The Bundesbank's strategy of small-step interest rate reductions was criticised as much too hesitant, considering the sharpness of the downturn. 'We had hoped the Bundesbank would move much earlier and lower its rates further. This policy explains to a large degree why the economic decline is continuing,' said Klaus-Werner Schatz, chief economist for the Kiel Institute for World Economics, which is one of the six.

The easing of monetary policy needs to be 'more decisive', the institutes said, while dismissing inflationary fears as unfounded.

But the strongest criticism was reserved for public finances. The institutes warned that the excessive reliance on tax increases, and the failure to rein in spending, were creating a 'severe medium-term problem for Germany's growth potential'.

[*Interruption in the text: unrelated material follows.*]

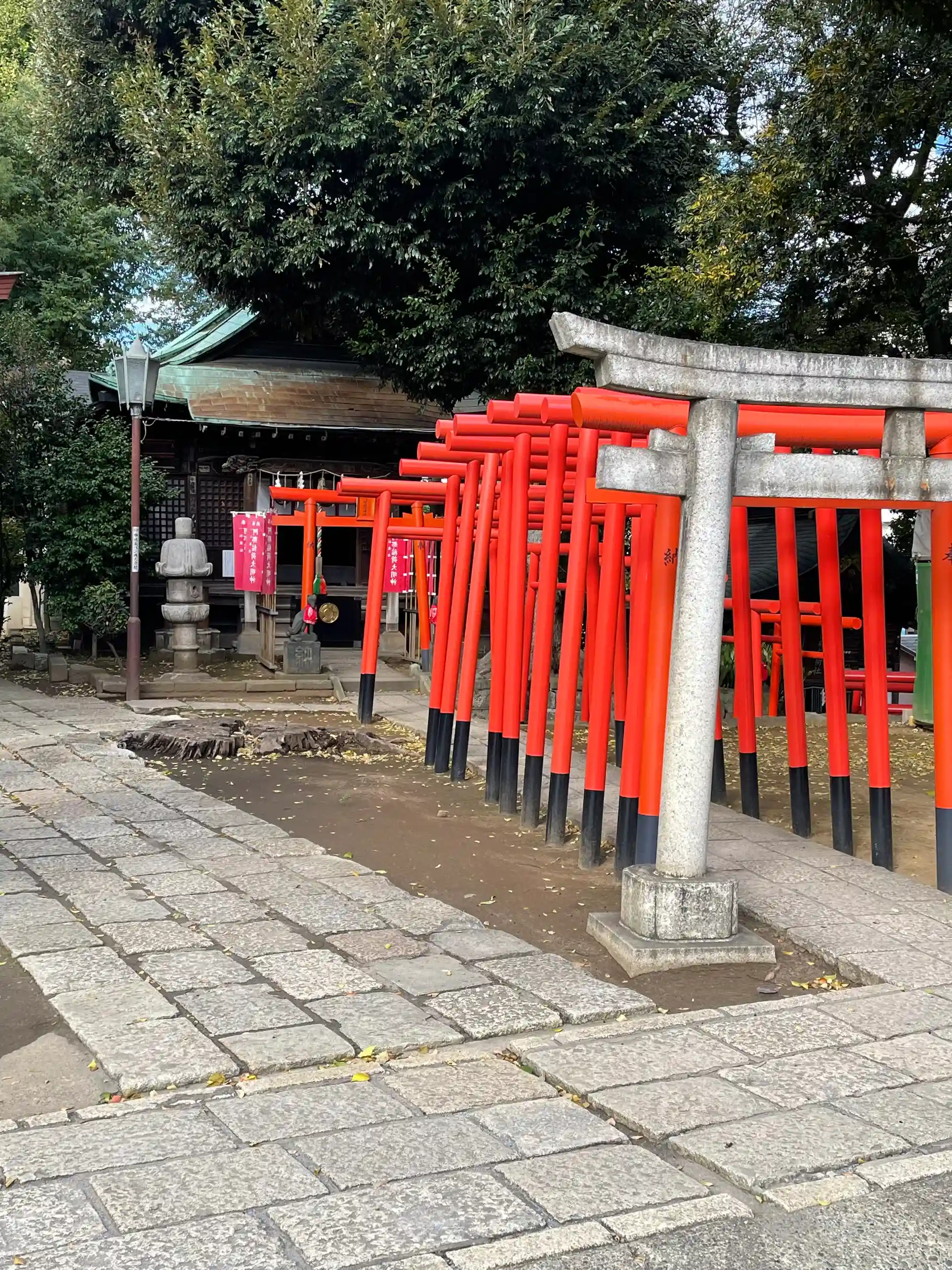 阿那稲荷神社: 拝殿の右隣に位置し、金運や商売運のご利益があるとされています。朱色の鳥居が並ぶ様子は撮影スポットとしても人気です。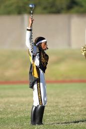 Keywords: drum major band leader football game marching band marching uniform school leader american football field teenager field grass boy

Further evidence of the slow-down in the west came yesterday from industrial output figures showing a 0.5 per cent fall in March from February. The year-on-year decline in March was 9.7 per cent. On a two-month comparison, industrial output in February and March fell 2 per cent from December and January, and was down 10.7 per cent from a year earlier. The main drops were in manufacturing output, down 12 per cent year-on-year on the two-month comparison, and capital goods production, down 15.9 per cent.

Professor Schatz, speaking on behalf of the institutes, said a fundamental re-orientation was needed in public finances. Pointing to an array of increases in taxes and duties, the institutes said that a failure to make greater savings ran the risk that 'state expenditure as a proportion of GDP remains historically high; that the achievement incentive is reduced; and that the economy's overall growth potential is smaller'.

The six institutes predicted an increase this year of 500,000 in the number of unemployed in the west, making a total of 2.3 million. The annual inflation rate will average 4 per cent. A light recovery should begin by early next year at the latest. A key pre-condition for this is lower interest rates. The institutes expect the discount rate to come down to 6 per cent by the end of 1993.

The condition of the eastern German economy remains 'critical' and there is barely any evidence of self- sustaining economic activity, the institutes said. Most industrial firms in the east continue to operate at a loss. Unemployment in the east is expected to rise to 1.25 million, with a GDP growth rate in 1993 that has been revised down to 5.5 per cent.

The Bundesbank yesterday admitted there would be 'politically unavoidable room for interpretation' in the move to European monetary union. Helmut Schlesinger, president of the German central bank, conceded the possibility of countries joining the third and final stage of monetary union, even though their inflation may be as high as 4 per cent and their public deficit above 3 per cent of GDP, the condition set in the Maastricht treaty.